## ABOUT THIS EXERCISE
Skip every picture, then write out exactly the lines of the listing below from the line that contains "好,让我们创建(之前提到的)三个神经网络架构,并在迭代中绘制损失函数。" through the final line.

(Beginning of EXTRACTED DATA)

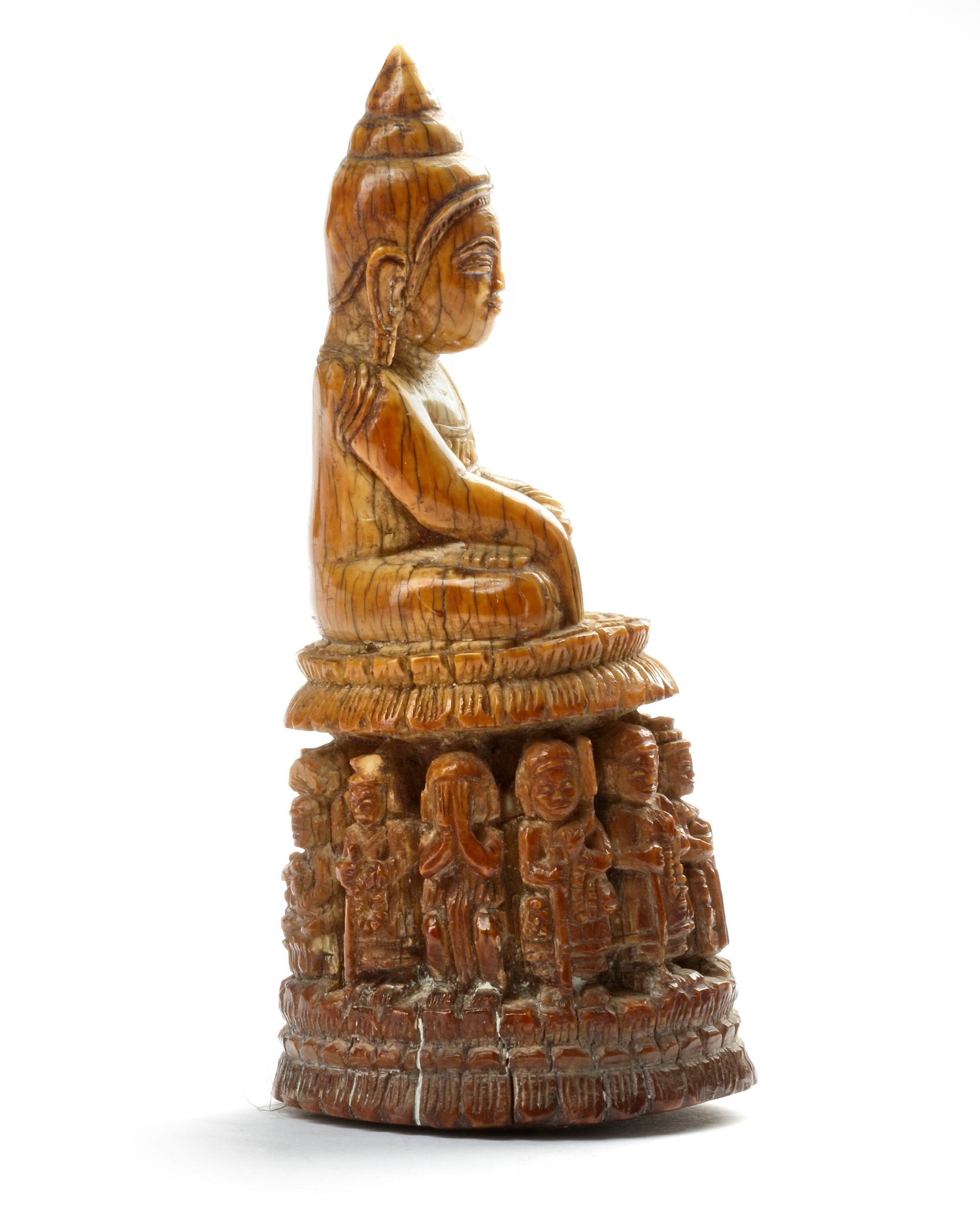 A Thai ivory figure carved in dhyanasana on a lotus base supported on eleven smaller figures, the right hand extended in bhumisparshamudra and the left in dhyanamudra, wearing a shawl draped over the left shoulder, the serene face with downcast eyes and meditative expression. 11.5 cm.
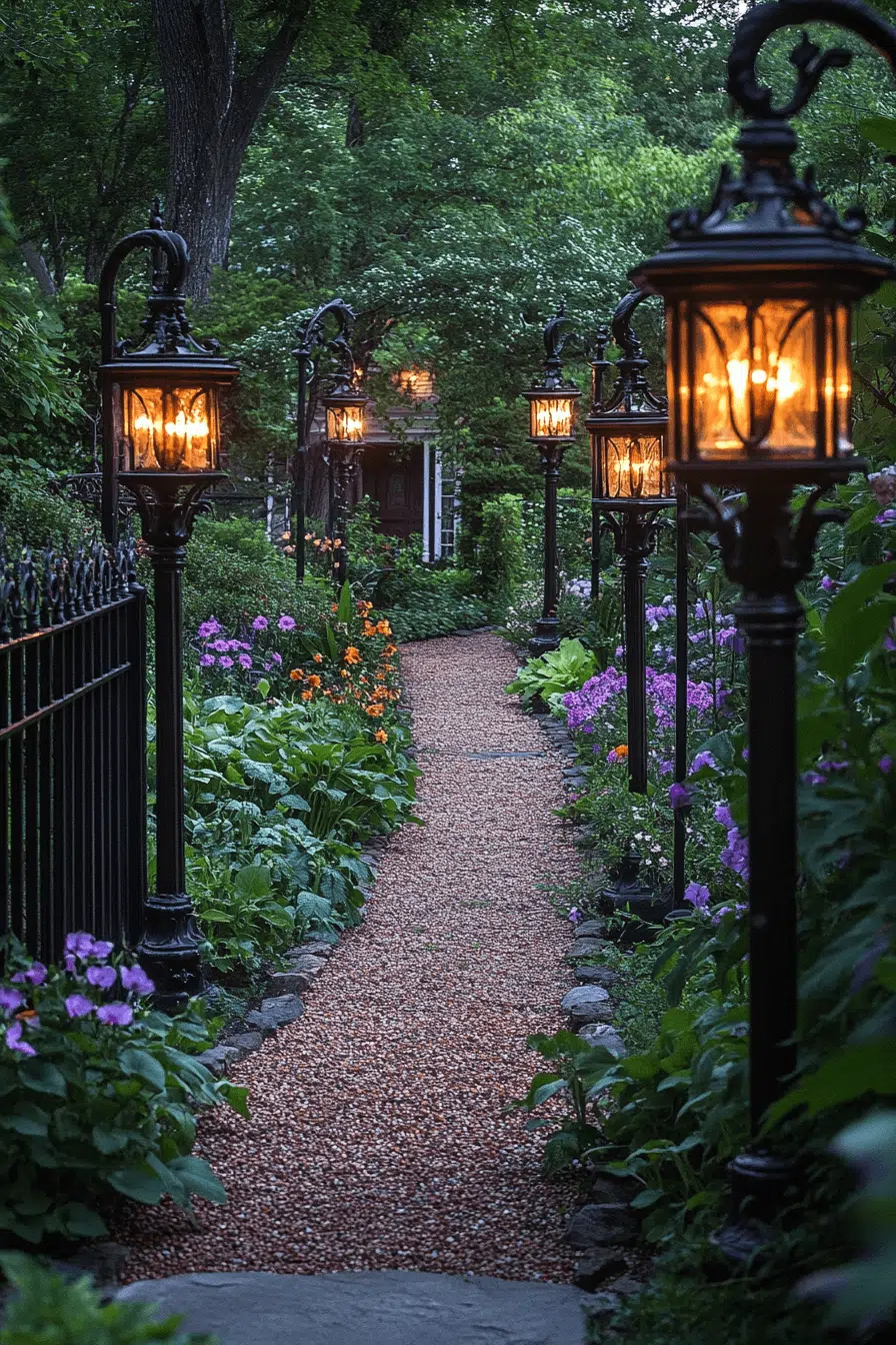 Illuminate evenings beautifully with antique yard decor ideas featuring ornate outdoor lighting. Lantern-style fixtures cast a warm, historic glow after sunset. Placed along paths or seating areas, they enhance safety and ambiance. Soft light highlights textures and architecture. Nighttime gatherings feel magical and refined.
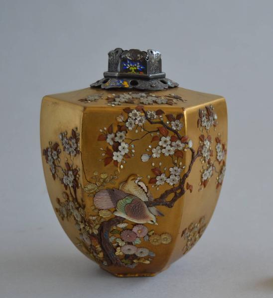 Vasetto a pianta esagonale con spalla alta, squadrata e pareti che si rastremano al piede. Tutto il vasetto è laccato in oro e decorato con incrostazioni policrome di madreperla sagomata, avorio e altri materiali, a motivo di piccioni su un ramo fiorito, un uccello in volo e una quaglietta a terra in mezzo ad altri fiori. La bocca del vasetto è realizzata in argento con bordo sagomato e traforato ed è decorata a fiori con smalti cloisonnée. In coppia con il precedente.
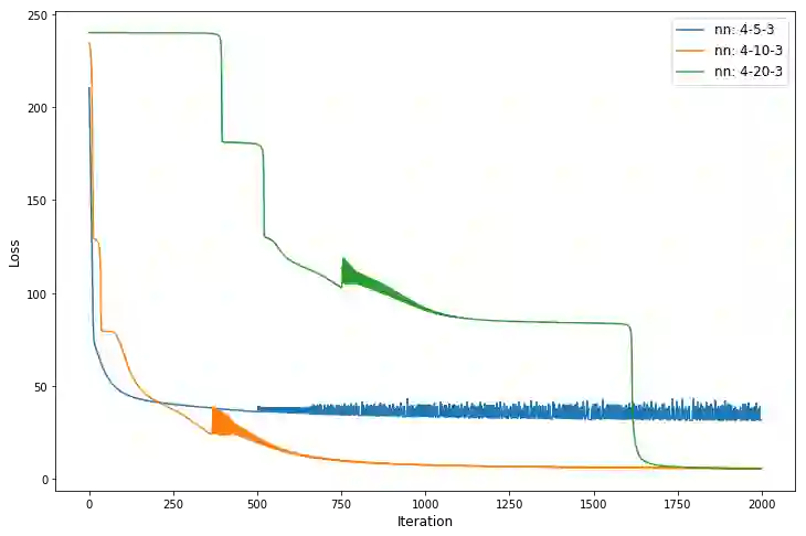 好,让我们创建(之前提到的)三个神经网络架构,并在迭代中绘制损失函数。
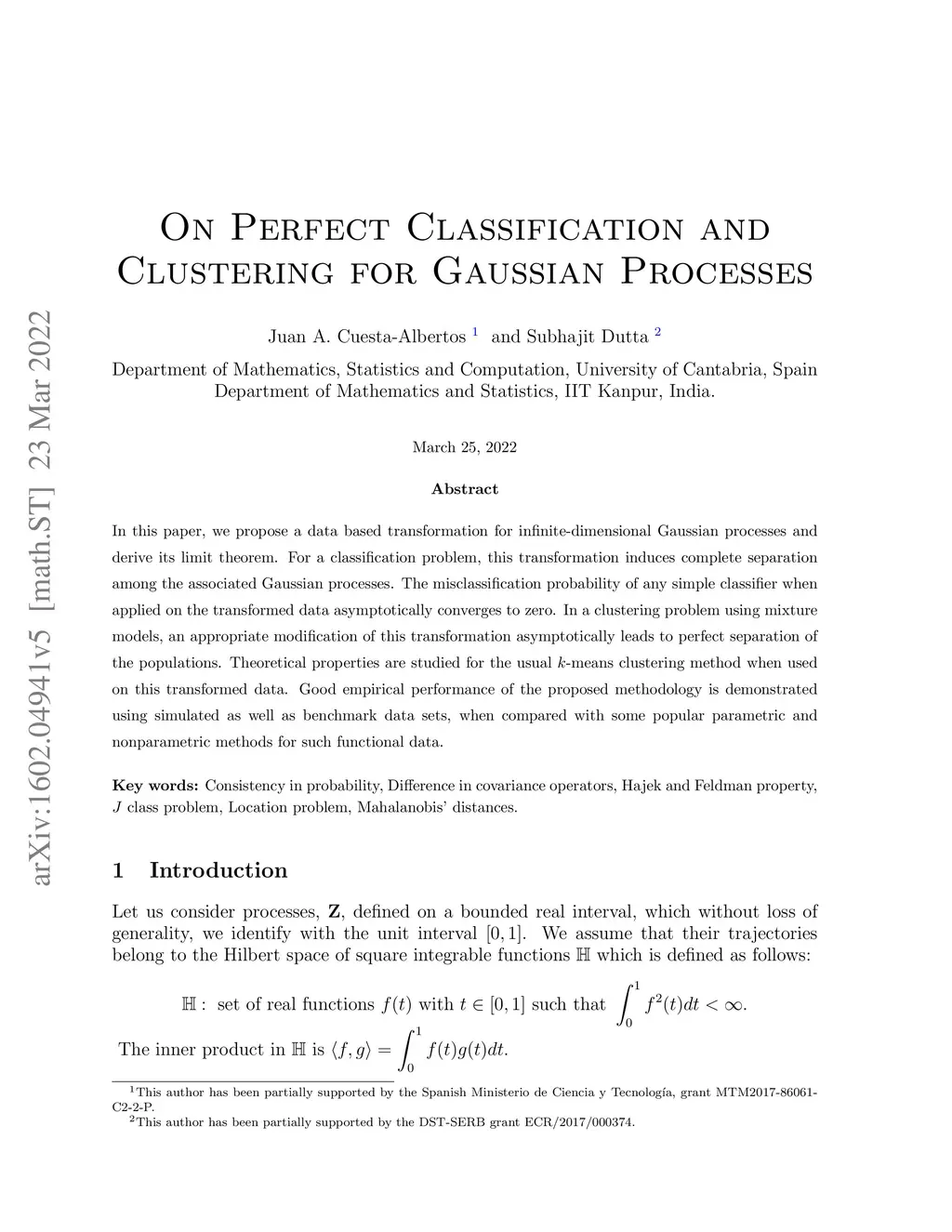 On Perfect Classification and Clustering for Gaussian Processes
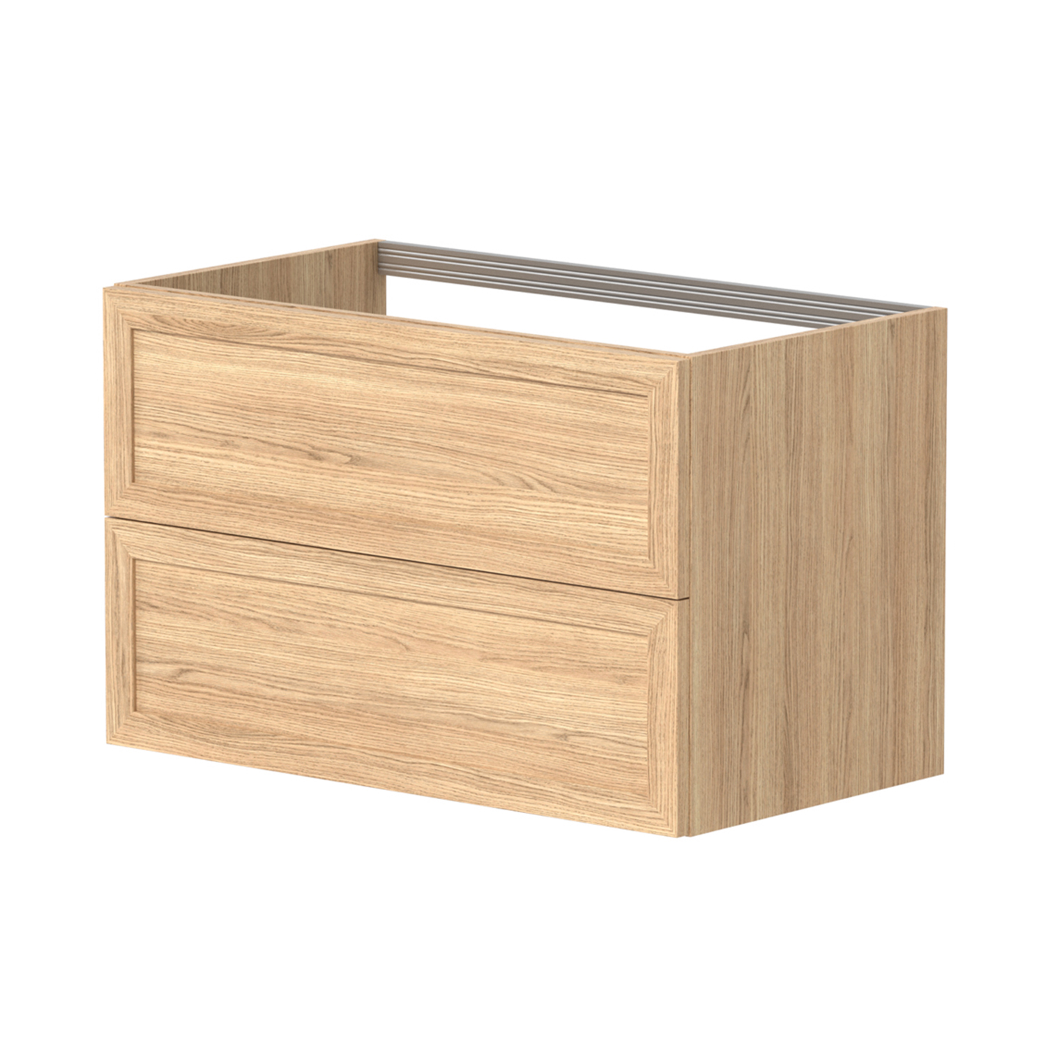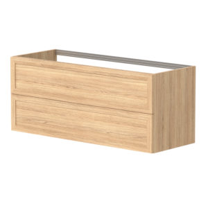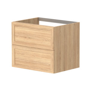 Underskapet på Rustic har en kombinasjon av heltre eik og eikefiner. Skuffene er hvite innvendig og inkluderer antisklimatter. Skinner i skuff med demping. Rustic-serien kommer med sorte matte grep inkludert.

(End of EXTRACTED DATA)

## WORKED SOLUTION
 好,让我们创建(之前提到的)三个神经网络架构,并在迭代中绘制损失函数。
 On Perfect Classification and Clustering for Gaussian Processes
 Underskapet på Rustic har en kombinasjon av heltre eik og eikefiner. Skuffene er hvite innvendig og inkluderer antisklimatter. Skinner i skuff med demping. Rustic-serien kommer med sorte matte grep inkludert.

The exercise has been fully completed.